* [Data extract]:
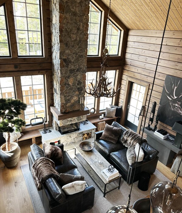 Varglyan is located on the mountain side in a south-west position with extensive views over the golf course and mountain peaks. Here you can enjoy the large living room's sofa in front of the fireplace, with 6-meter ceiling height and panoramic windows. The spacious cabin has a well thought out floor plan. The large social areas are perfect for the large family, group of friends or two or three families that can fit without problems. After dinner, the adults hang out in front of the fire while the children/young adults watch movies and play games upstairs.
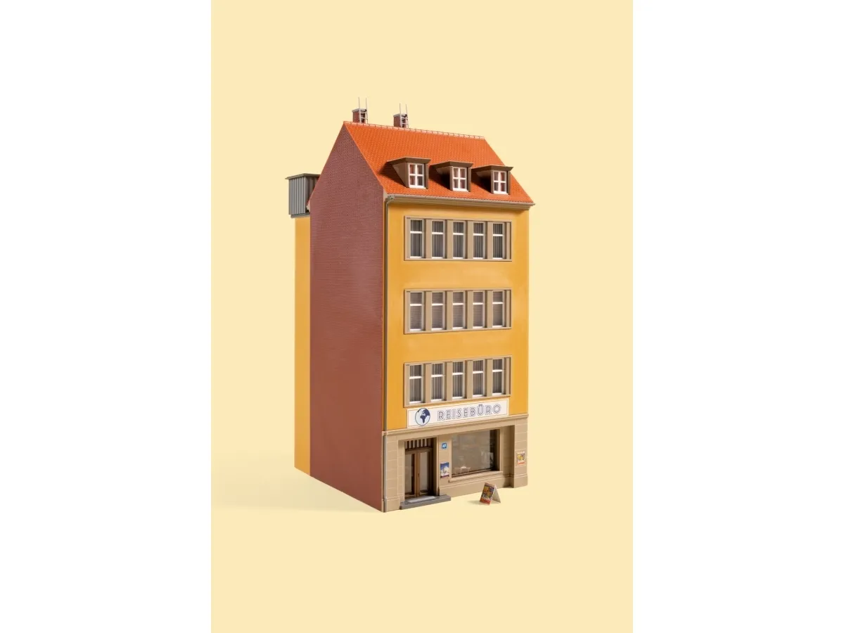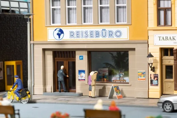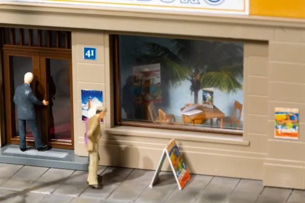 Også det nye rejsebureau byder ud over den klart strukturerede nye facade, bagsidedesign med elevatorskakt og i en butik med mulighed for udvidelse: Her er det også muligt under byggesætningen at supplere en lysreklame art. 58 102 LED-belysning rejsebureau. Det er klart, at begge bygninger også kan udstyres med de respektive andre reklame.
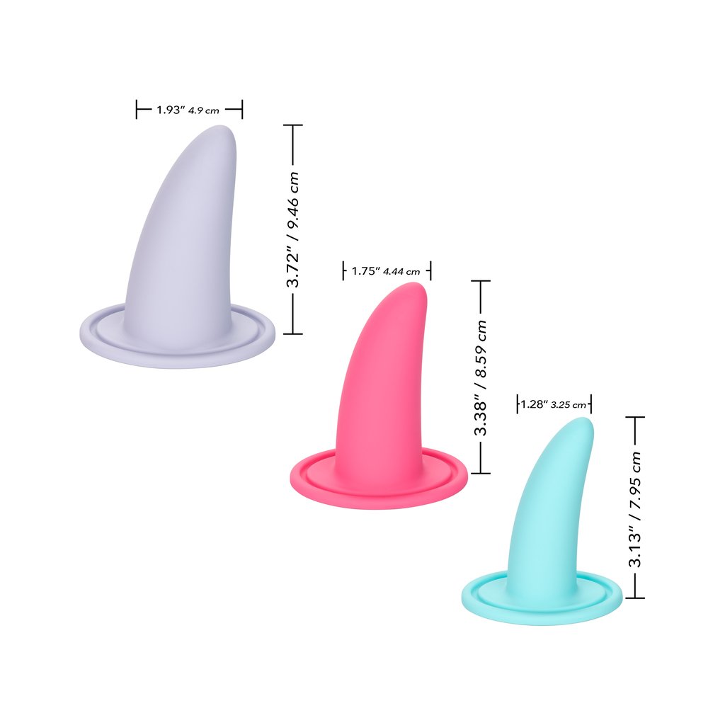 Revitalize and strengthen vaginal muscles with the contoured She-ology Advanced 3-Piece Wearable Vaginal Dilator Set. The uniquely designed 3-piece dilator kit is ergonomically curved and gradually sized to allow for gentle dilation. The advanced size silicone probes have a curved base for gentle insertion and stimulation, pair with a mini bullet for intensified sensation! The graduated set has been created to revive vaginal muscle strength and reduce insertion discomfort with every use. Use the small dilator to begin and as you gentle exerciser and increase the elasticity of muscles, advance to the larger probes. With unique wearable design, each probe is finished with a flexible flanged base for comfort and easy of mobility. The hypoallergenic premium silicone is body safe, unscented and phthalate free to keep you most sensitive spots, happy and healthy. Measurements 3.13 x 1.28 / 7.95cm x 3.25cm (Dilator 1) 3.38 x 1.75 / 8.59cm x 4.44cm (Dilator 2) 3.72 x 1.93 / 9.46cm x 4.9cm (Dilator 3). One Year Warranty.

* [The task]: Extract every line of the data exactly; pictures stay out.

* [Solution for this problem]:
 Varglyan is located on the mountain side in a south-west position with extensive views over the golf course and mountain peaks. Here you can enjoy the large living room's sofa in front of the fireplace, with 6-meter ceiling height and panoramic windows. The spacious cabin has a well thought out floor plan. The large social areas are perfect for the large family, group of friends or two or three families that can fit without problems. After dinner, the adults hang out in front of the fire while the children/young adults watch movies and play games upstairs.
 Også det nye rejsebureau byder ud over den klart strukturerede nye facade, bagsidedesign med elevatorskakt og i en butik med mulighed for udvidelse: Her er det også muligt under byggesætningen at supplere en lysreklame art. 58 102 LED-belysning rejsebureau. Det er klart, at begge bygninger også kan udstyres med de respektive andre reklame.
 Revitalize and strengthen vaginal muscles with the contoured She-ology Advanced 3-Piece Wearable Vaginal Dilator Set. The uniquely designed 3-piece dilator kit is ergonomically curved and gradually sized to allow for gentle dilation. The advanced size silicone probes have a curved base for gentle insertion and stimulation, pair with a mini bullet for intensified sensation! The graduated set has been created to revive vaginal muscle strength and reduce insertion discomfort with every use. Use the small dilator to begin and as you gentle exerciser and increase the elasticity of muscles, advance to the larger probes. With unique wearable design, each probe is finished with a flexible flanged base for comfort and easy of mobility. The hypoallergenic premium silicone is body safe, unscented and phthalate free to keep you most sensitive spots, happy and healthy. Measurements 3.13 x 1.28 / 7.95cm x 3.25cm (Dilator 1) 3.38 x 1.75 / 8.59cm x 4.44cm (Dilator 2) 3.72 x 1.93 / 9.46cm x 4.9cm (Dilator 3). One Year Warranty.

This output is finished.